Correcting Bias in Crowdsourced Data to Map Bicycle Ridership of All Bicyclists

Authors: Avipsa Roy*, , Trisalyn Nelson, Arizona State University, Stewart Fotheringham, Arizona State University, Meghan Winters, Simon Fraser University
Topics: Transportation Geography, Urban and Regional Planning, Spatial Analysis & Modeling
Keywords: Bias Correction, Bicycle, Crowdsourcing, Big Data, Active Transportation, LASSO
Session Type: Poster
Day: 4/5/2019
Start / End Time: 8:00 AM / 9:40 AM
Room: Lincoln 2, Marriott, Exhibition Level
Presentation File: No File Uploaded

Traditional methods of counting bicyclists are resource-intensive and generate data with sparse spatial and temporal detail. Previous research suggests big data from crowdsourced fitness apps offer a new source of bicycling data with high spatial and temporal resolution. However, crowdsourced bicycling data are biased as they oversample recreational riders. Our goals are to quantify geographical variables which can help in correcting bias in crowdsourced data and to develop a generalized method to correct bias in big crowdsourced data on bicycle ridership in different settings in order to generate maps representative of all bicyclists at a street-level spatial resolution. We use street-level Strava ridership data for 2016, geographical covariate data and official counts from 44 locations across Maricopa County, Arizona, USA (train data) , and 60 locations from the city of Tempe (test data), within Maricopa.

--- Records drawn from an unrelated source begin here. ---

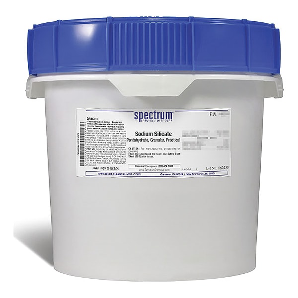 Sodium Silicate - Pentahydrate, Concentration Not Applicable, CAS Number 10213-79-3, Molecular Weight 212.15, Chemical Formula Na2SiO3�5H2O, Chemical Container Material Plastic, Chemical Container Type Drum, Chemical Grade Lab, Chemical Container Size 12 kg, Chemical Family Type Reagent, Shelf Life 24 mo, Shipping Restrictions UN3253, Disodium Trioxosilicate, 8, PG III, Standards Not Applicable, Special Information Not Applicable
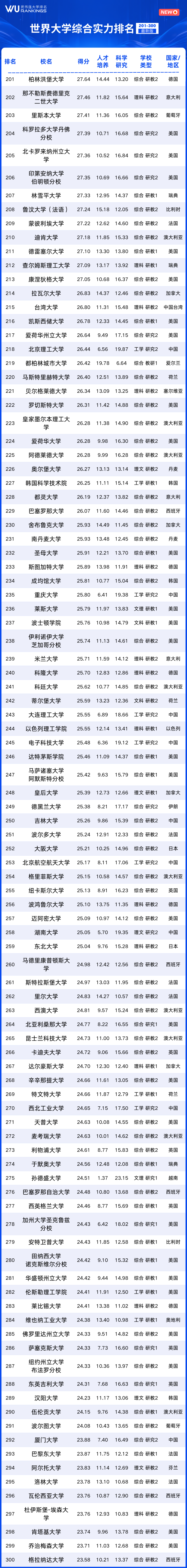 世界大学综合实力101-500名
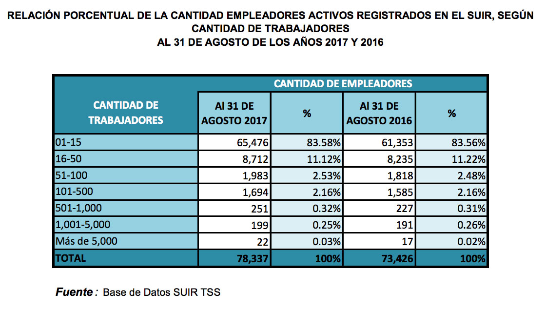 Del total de empleadores, el 94.7% de ellos son micro y pequeños empleadores con menos de 51 trabajadores. En el mismo sentido, la cantidad de empleadores registrados con el rango de 1-15 trabajadores crecieron en un número de 4,123 con relación al año 2016.

First, we quantified the relationship between Strava and official ridership data volumes. Second, we used a mixed-model approach with LASSO and Poisson regression to integrate geographical covariates, Strava, and training data to correct bias. Finally, we predicted bias-corrected average annual daily bicyclist counts for Tempe using a mixed model approach with LASSO and Poisson regression and also evaluated model accuracy across Tempe. We found a correlation between annual ridership data from Strava and official counts (R2= 0.52) in Maricopa County. The results indicate that our model could correct bias in crowdsourced data from Strava in Tempe with 80.3% of road segments being predicted to ±50 average annual bicyclists.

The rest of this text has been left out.